If you’re having trouble getting this output, first try typing py my-script.py or python3 my-script.py instead. If it’s still not working, Google your questions or explain your problem to a chatbot like ChatGPT and ask it to walk you through the steps. Chatbots are very good at solving these kinds of problems, but remember to always make sure you understand what they’re telling you.

The Python code we just ran, despite all the steps it took, is very simple. Usually, you’ll want your code to do more than just print out a statement. However, if you’re running .py scripts in the terminal, it can be hard to see what your code is doing. For example, you won’t be able to see a plot that you create in Python using just the command line.

In the following section, we’ll explain how you can use other tools and applications to code in a more interactive way.

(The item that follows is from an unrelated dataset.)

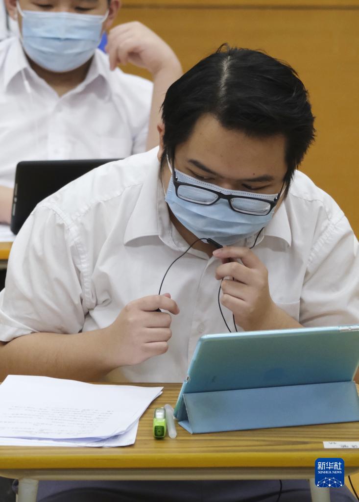 香港則仁学校のホールで、20数人の生徒がイヤホンとタブレットPCを使い、ディスプレイの向こうにいる深セン光祖中学校の生徒と共に学んだ。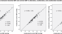 Office BP was measured using a Welch Allyn Vital Signs 6000 series (model 901060, Welch Allyn, Skaneateles Falls) oscillometric BP monitor. Participants were fitted with an appropriate size BP cuff on the non-dominant arm (bladder length: 75–100% of the upper arm circumference, and bladder width: 37–50% of the upper arm circumference). All participants then had seated office BP taken after resting quietly for 5 min, with arm supported on a table at the level of the heart, back supported, both feet resting flat on the ground (uncrossed) and were instructed to stay silent during 5-min rest period prior to BP measurement, and during all sequential BP measurements, according to the current practice guidelines1. Participants had been asked to refrain from caffeine, exercise, and smoking for at least 30 min before measurements. Seated measurements were performed 3 times sequentially (separated by 1 min). Standing office BP was measured immediately after seated office BP measurements had been taken, with participants arm supported on a table at heart level and measurements performed 3 times sequentially (separated by 1 min). The second and third readings of both seated and standing BP were averaged for analyses.

How else can I run Python code?

Tools for writing code

When you write something in English or another language, you need to choose an “environment” (i.e., platform/interface/application) to write in. For example, if you’re writing an email, you might use Gmail or Outlook. If you’re writing a report, you might use Google Docs or Microsoft Word. Or maybe you prefer writing on parchment with a quill pen!

When coding, you also have to choose an environment to write in. This is typically called a “code editor” or integrated development environment (IDE). The simplest editor would simply be the notepad or text editor on your computer. But there are many IDEs to choose from that make coding much easier. Some of the most popular ones for Python are Visual Studio Code (“VS Code”) and PyCharm.

A main benefit for using a code editor is that it highlights different parts of your code in different colours or styles, making it much easier to read.

Screenshot of part of a Python script in VS Code

Computational notebooks

There are many different ways to execute code, or tell the computer to perform the instructions you’ve written. If you write your code in a file that’s saved with the .py file extension, you can run it all at once, and the computer will follow all of your instructions, one line at a time. This works well for scripts that are complete and do not need to be run in separate chunks.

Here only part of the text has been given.